Part of what Pros run into involves answering questions for homeowners. Here’s a question that comes up quite a bit: What is a GFCI outlet and where do they go? (or why do we need them?) We grabbed a couple of our resident Pros to help answer this question. We also dive into why you need GFCI outlets, breakers, or receptacles in your home.
The Basics: What is a GFCI Outlet?
GFCI stands for Ground Fault Circuit Interrupter. These are also referred to as GFIs, or Ground Fault Interrupters. A GFCI precisely monitors the balance of electrical current moving through a circuit. If the power goes where it shouldn’t, like in a short, the GFCI immediately cuts off the electricity.
A GFCI prevents fatal electrical shocks through the elimination of sustained current draw when a short occurs. This is very different from Arc Fault circuit breakers or Arc Fault Circuit Interrupters (AFCI) which track down and disable slow electrical “leaks” like those incurred from puncturing a wire in a bedroom wall.
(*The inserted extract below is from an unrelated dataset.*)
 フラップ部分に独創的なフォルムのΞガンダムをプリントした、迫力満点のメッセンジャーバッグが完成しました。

Water and electricity do not mix, and there are many places in the home and outside where the two exist in close proximity. All switches, sockets, breakers, and circuits for those rooms and areas of the home should be GFCI-protected for your family’s safety. What is a GFCI outlet? It may be the very thing that keeps your family safe in the event of a tragic electrical mishap.
About Ground Faults
A ground fault represents any electric path between a source of current and a grounded surface. A ground fault occurs when AC current “leaks” and escapes to the ground. How this occurs is significant. If your body provides a path to the ground for this leakage, you could be injured, burned, severely shocked, or electrocuted. Since water conducts electricity so well, ground-faults occur more frequently in areas near water. Water provides a conduit for electricity to “escape” and find an alternate path to the ground.
Types of GFCI Devices
While you may have come here asking what is a GFCI outlet, there are actually three basic types of GFCI devices:
The most common GFCI in residential homes comes in a GFCI receptacle. This inexpensive device replaces a standard receptacle (outlet). Completely compatible with any standard outlet, it can protect other outlets “downstream” (any outlet receiving power from the GFCI outlet). This also explains the change from GFI to GFCI—to reference the protected “circuits”.
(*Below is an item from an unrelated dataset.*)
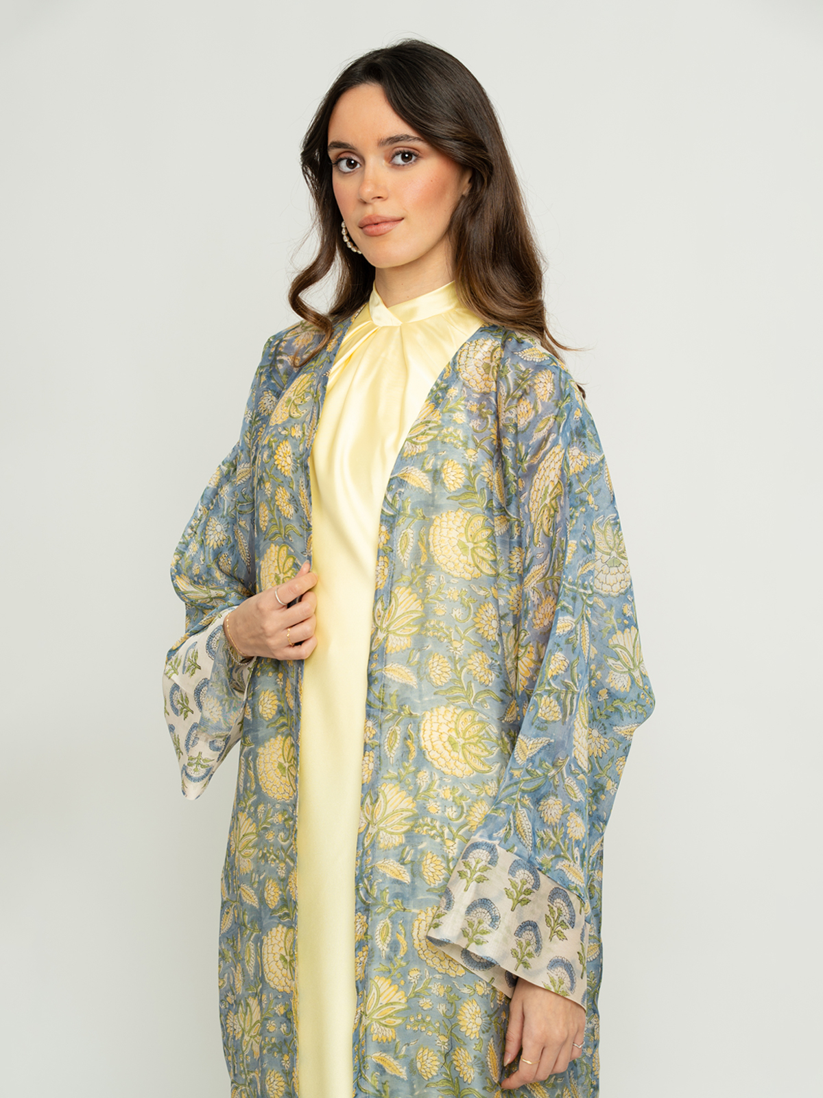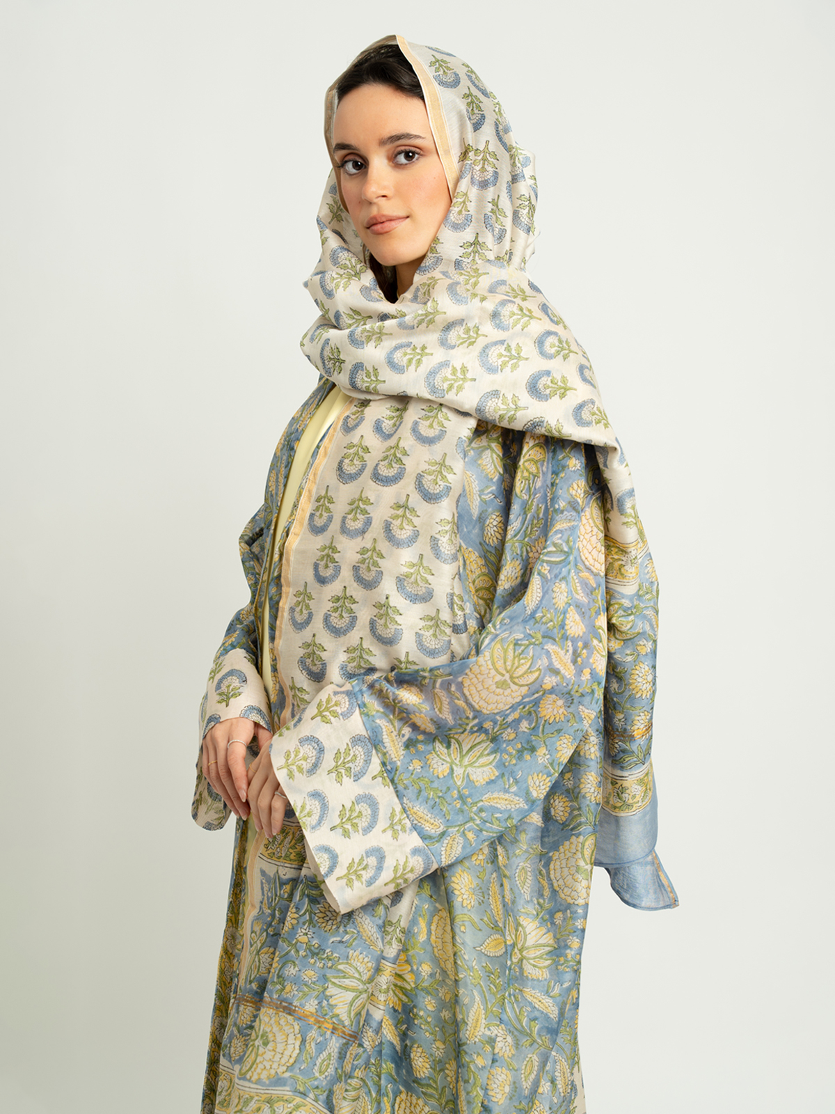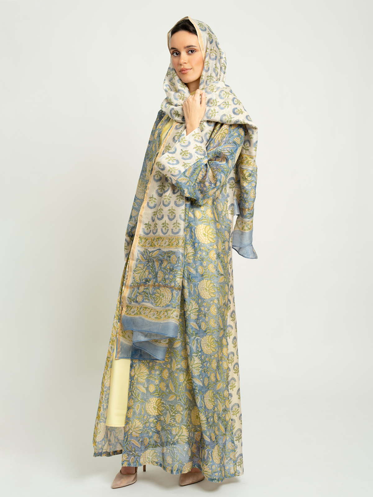 A new wide-cut printed abaya made from premium 100% stiff silk fabric, offering a soft, breathable feel you’ll appreciate all day long.

GFCI outlets are typically “fatter” than standard outlets and take up more space in a single gang or double gang electrical box. Newer technology like the Leviton SmartlockPro Slim GFCI take up far less space than ever before. Wiring a GFCI outlet is no big deal, but you need to do it correctly in order for the protection to be effective downstream.
GFCI Circuit Breaker
Pros are using GFCI circuit breakers more frequently since they allow builders and electricians to use standard (inexpensive) outlets and simply install a single GFCI circuit breaker in the panel box. GFCI circuit breakers have the advantage of protecting every fixture on the circuit—lights, outlets, fans, etc. They also provide protection against overloads and simple short-circuits.
Portable GFCI for Outdoor Use
This is an outlet strip or other device providing GFCI-level protection in a portable unit. If you have a device requiring GFCI protection, but can’t locate a protected outlet—this gives you the same protection.
Where to Install GFCIs
Since around 1973, most outdoor receptacles in homes built to comply with the National Electrical Code require GFCI protection. In 1975 the NEC extended that to include bathroom receptacles. In 1978, garage wall outlets were added. It took until around 1987 for the code to include kitchen receptacles. Many homeowners find themselves redoing their electrical to comply with current law. All receptacles in crawl spaces and unfinished basements also require GFCI outlets or breakers (since 1990).
Obviously, newer GFCI circuit breakers make retrofitting a home with GFCI protection much easier than replacing each individual outlet in a system. For homes protected by fuses (seriously consider upgrading your box), stick to GFCI receptacles. For upgrading, we recommend focusing on the most critical areas like bathrooms, kitchens, crawl spaces, and outdoor spaces.
How to Install a GFCI Outlet Receptacle
We have a separate article on wiring a GFCI outlet, but most savvy consumers can do it themselves if they follow the instructions. Just make sure to completely disable the breaker before you begin. If you are at all unsure of how to do this, hire a Pro.
To test the GFCI receptacle after installation, plug something into the outlet (like a radio or light) and turn it on. Press the “TEST” button on the GFCI to ensure the “RESET” button pops out, and the device turns off. If the “RESET” button pops out, but the light does not go out, the GFCI has been wired improperly. If the “RESET” button does not pop out, the GFCI is defective and should be replaced. Pressing the “RESET” button re-activates your circuit. You can also purchase inexpensive GFCI-compatible circuit testers.
Not Too Difficult, Right?
Ground Fault Circuit Interrupters should exist in any home. When rewiring or updating your house to bring it up to code, pay attention to where to place GFCI outlets or breakers. This inexpensive product can provide an incredibly beneficial level of safety for your family.